---------- AVAILABLE DATA

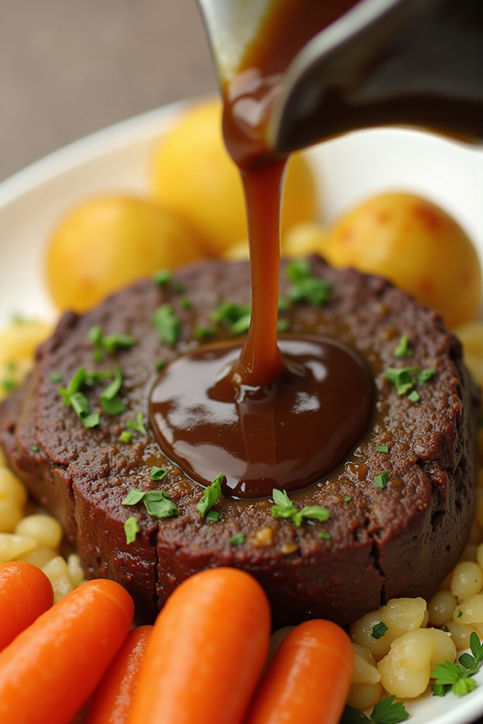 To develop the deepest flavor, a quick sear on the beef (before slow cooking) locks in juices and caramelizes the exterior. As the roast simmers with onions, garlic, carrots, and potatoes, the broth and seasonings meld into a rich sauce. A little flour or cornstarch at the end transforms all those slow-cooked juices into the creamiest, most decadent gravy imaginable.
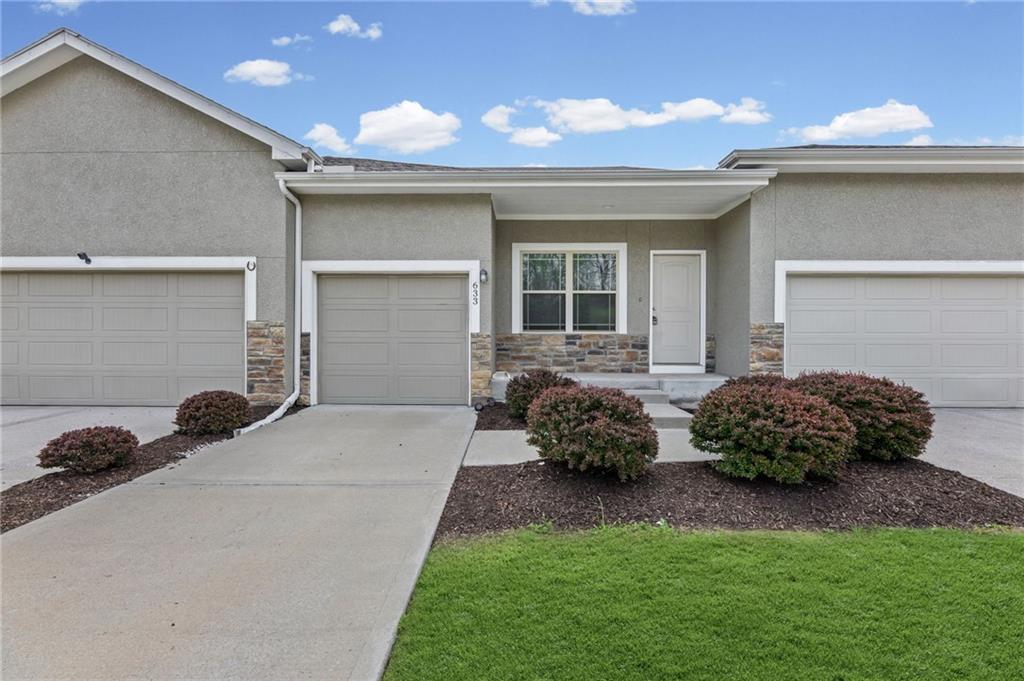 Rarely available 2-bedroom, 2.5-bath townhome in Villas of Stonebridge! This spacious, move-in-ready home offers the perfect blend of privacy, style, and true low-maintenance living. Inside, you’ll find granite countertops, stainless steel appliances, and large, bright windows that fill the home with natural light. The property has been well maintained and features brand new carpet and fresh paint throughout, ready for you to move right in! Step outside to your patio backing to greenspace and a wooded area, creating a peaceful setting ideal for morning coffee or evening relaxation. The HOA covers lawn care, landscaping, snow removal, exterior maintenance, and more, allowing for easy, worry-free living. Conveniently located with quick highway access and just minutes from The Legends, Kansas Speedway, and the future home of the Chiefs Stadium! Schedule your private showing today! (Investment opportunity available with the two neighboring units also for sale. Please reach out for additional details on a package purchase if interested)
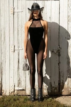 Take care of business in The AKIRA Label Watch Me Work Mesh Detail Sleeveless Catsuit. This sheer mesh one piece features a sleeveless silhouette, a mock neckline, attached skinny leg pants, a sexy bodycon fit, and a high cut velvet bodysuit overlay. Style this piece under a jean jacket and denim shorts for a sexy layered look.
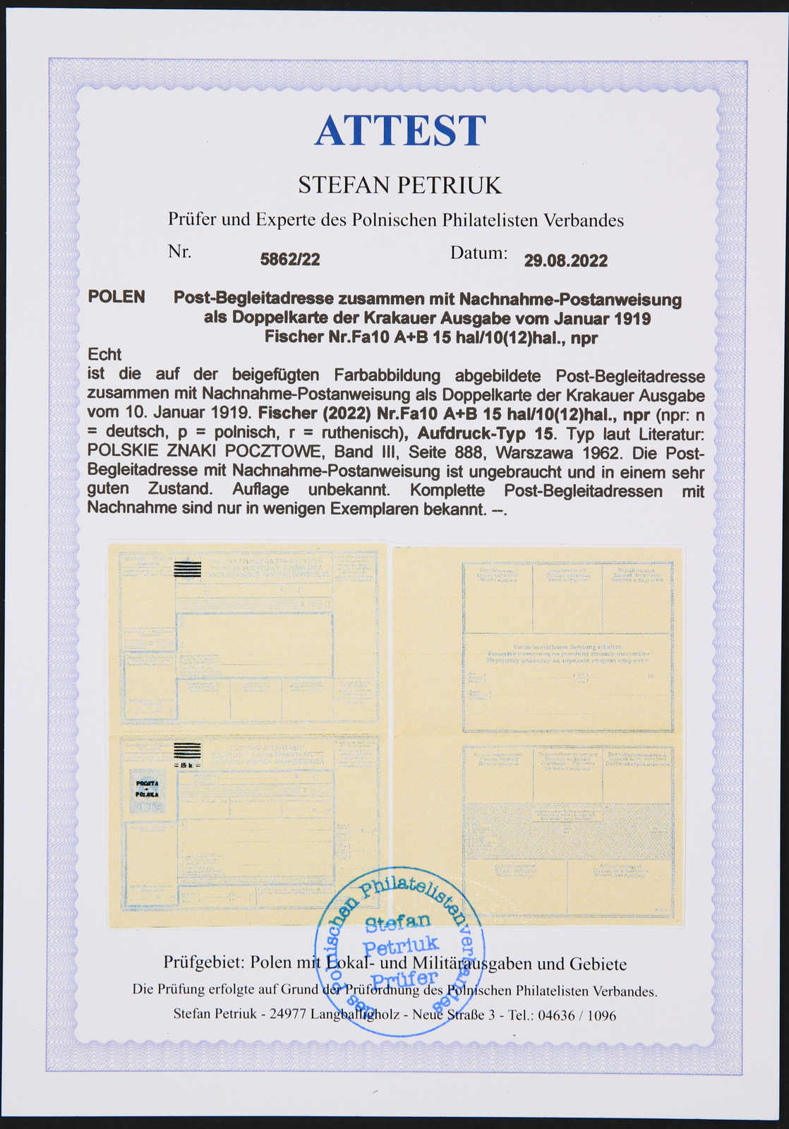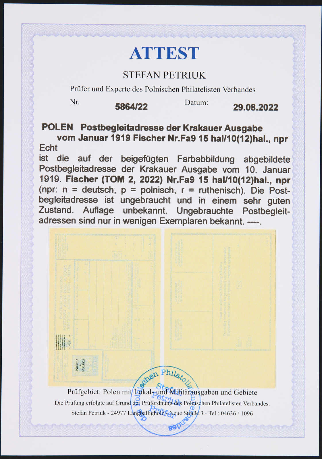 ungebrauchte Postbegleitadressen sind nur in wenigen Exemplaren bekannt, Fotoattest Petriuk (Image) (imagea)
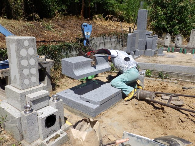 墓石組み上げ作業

--------------------

→ WHAT IS EXPECTED:
Output the listing above exactly, pictures omitted.

→ TASK OUTPUT:
 To develop the deepest flavor, a quick sear on the beef (before slow cooking) locks in juices and caramelizes the exterior. As the roast simmers with onions, garlic, carrots, and potatoes, the broth and seasonings meld into a rich sauce. A little flour or cornstarch at the end transforms all those slow-cooked juices into the creamiest, most decadent gravy imaginable.
 Rarely available 2-bedroom, 2.5-bath townhome in Villas of Stonebridge! This spacious, move-in-ready home offers the perfect blend of privacy, style, and true low-maintenance living. Inside, you’ll find granite countertops, stainless steel appliances, and large, bright windows that fill the home with natural light. The property has been well maintained and features brand new carpet and fresh paint throughout, ready for you to move right in! Step outside to your patio backing to greenspace and a wooded area, creating a peaceful setting ideal for morning coffee or evening relaxation. The HOA covers lawn care, landscaping, snow removal, exterior maintenance, and more, allowing for easy, worry-free living. Conveniently located with quick highway access and just minutes from The Legends, Kansas Speedway, and the future home of the Chiefs Stadium! Schedule your private showing today! (Investment opportunity available with the two neighboring units also for sale. Please reach out for additional details on a package purchase if interested)
 Take care of business in The AKIRA Label Watch Me Work Mesh Detail Sleeveless Catsuit. This sheer mesh one piece features a sleeveless silhouette, a mock neckline, attached skinny leg pants, a sexy bodycon fit, and a high cut velvet bodysuit overlay. Style this piece under a jean jacket and denim shorts for a sexy layered look.
 ungebrauchte Postbegleitadressen sind nur in wenigen Exemplaren bekannt, Fotoattest Petriuk (Image) (imagea)
 墓石組み上げ作業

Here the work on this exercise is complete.